Braat Sien, Kooy R Frank
Department of Medical Genetics, University of Antwerp, Prins Boudewijnlaan 43, 2650 Edegem, Antwerp, Belgium.
Neuropharmacology. 2015 Jan;88:48-54. doi: 10.1016/j.neuropharm.2014.06.028. Epub 2014 Jul 10.
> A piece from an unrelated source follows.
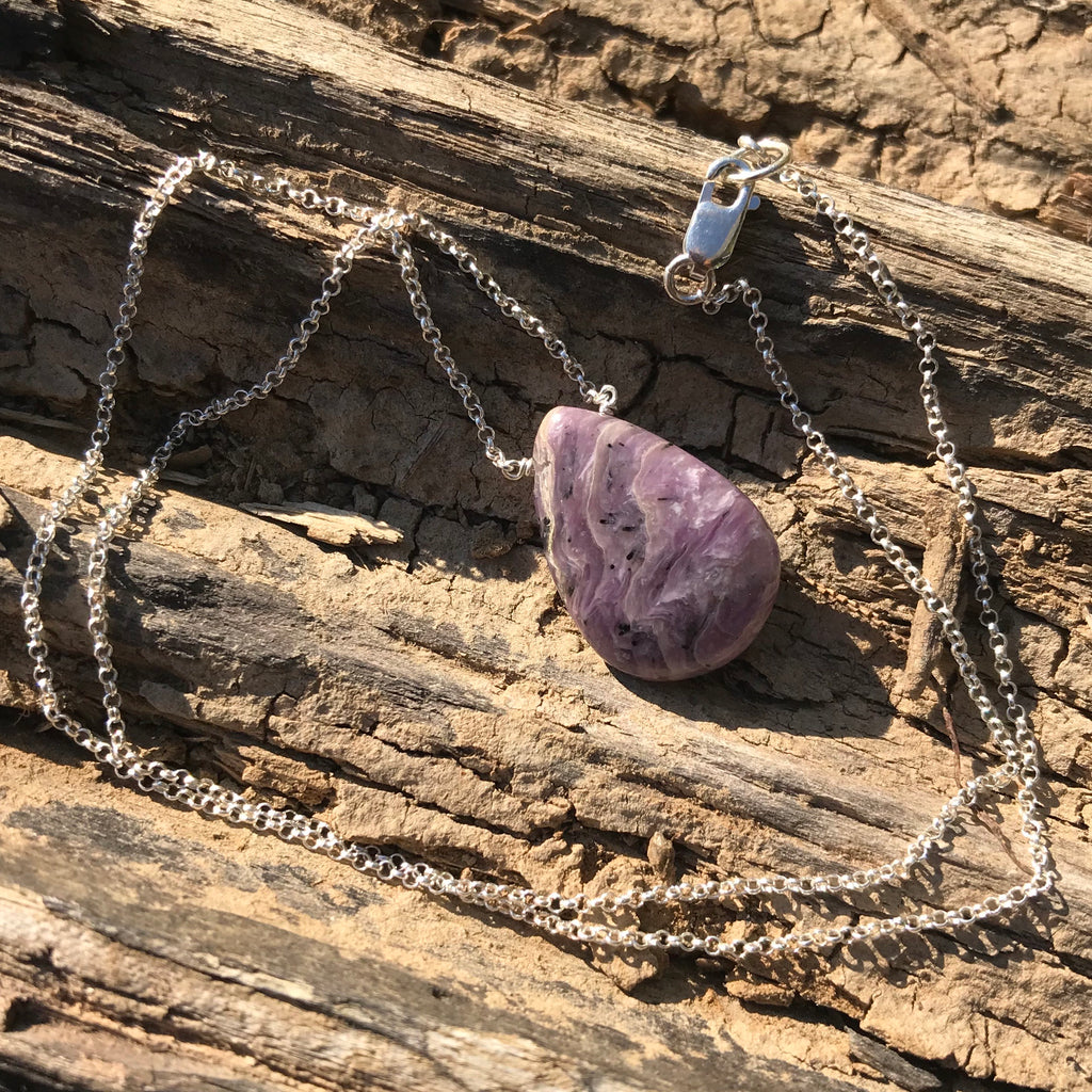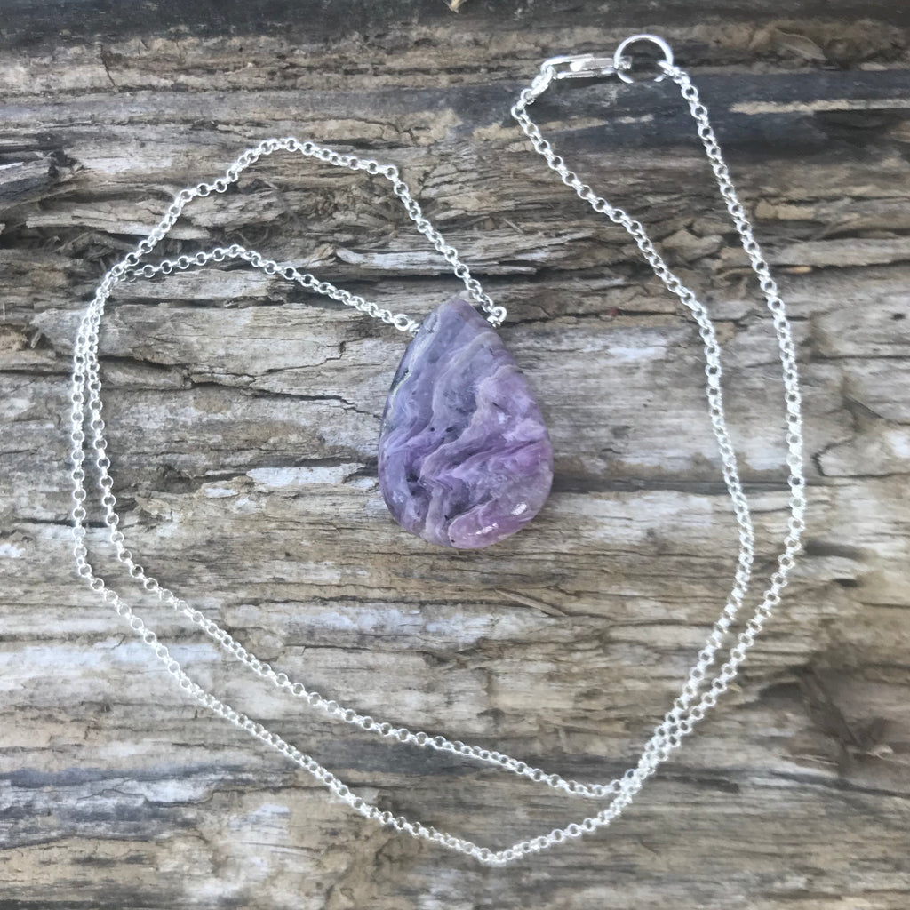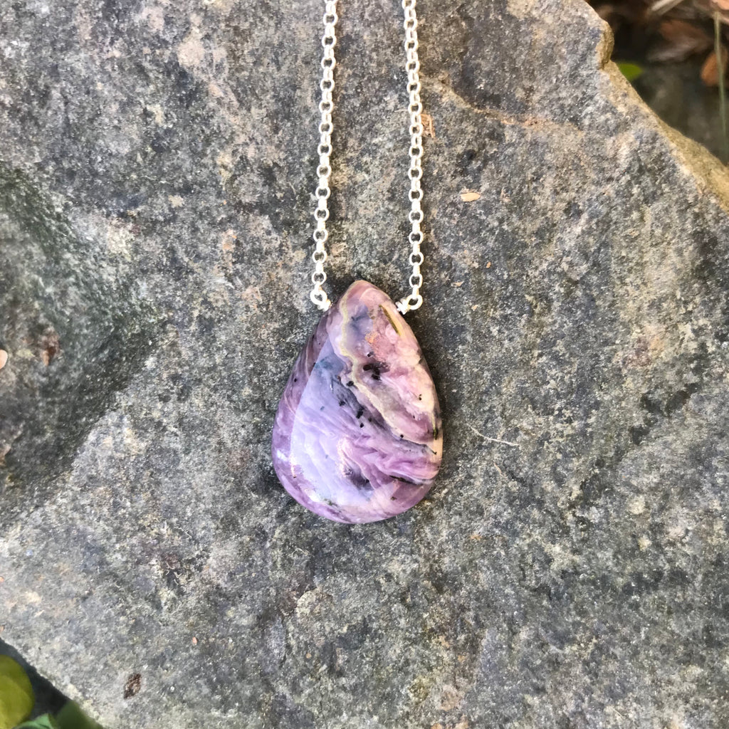 The Charoite Drop Sterling Silver Necklace features a gorgeous had polished stone. Each stone is hand carved so expect variation in color and inclusions and slight variation in shape and size.  The Charoite in the photographs is 22mm tall by 15mm wide by 5mm thick.  The Amazonite suspends from 16 inches of sterling silver rolo chain with lobster clasp and closure.  You can purchase more chain length, up to 24 inches, and completely customize your necklace.

An increasing number of studies implicate the GABAAergic system in the pathophysiology of the fragile X syndrome, a frequent cause of intellectual disability and autism. Animal models have proven invaluable in unravelling the molecular mechanisms underlying the disorder. Multiple defects in this inhibitory system have been identified in Fmr1 knockout mice, including altered expression of various components, aberrant GABAA receptor-mediated signalling, altered GABA concentrations and anatomical defects in GABAergic neurons. Aberrations compatible with those described in the mouse model were detected in dfmr1 deficient Drosophila melanogaster, a validated fly model for the fragile X syndrome. Treatment with drugs that ameliorate the GABAAergic deficiency in both animal models have demonstrated that the GABAA receptor is a promising target for the treatment of fragile X patients. Based on these preclinical studies, clinical trials in patients have been initiated.
越来越多的研究表明,GABAA能系统参与了脆性X综合征的病理生理学过程,脆性X综合征是导致智力残疾和自闭症的常见原因。动物模型已被证明在揭示该疾病潜在的分子机制方面具有不可估量的价值。在Fmr1基因敲除小鼠中已发现该抑制系统存在多种缺陷,包括各种组分的表达改变、GABAA受体介导的信号异常、GABA浓度改变以及GABA能神经元的解剖学缺陷。在dfmr1缺陷的黑腹果蝇(一种经过验证的脆性X综合征果蝇模型)中检测到了与小鼠模型中描述的异常情况相符的畸变。在两种动物模型中使用改善GABAA能缺陷的药物进行治疗表明,GABAA受体是治疗脆性X患者的一个有前景的靶点。基于这些临床前研究,已启动了针对患者的临床试验。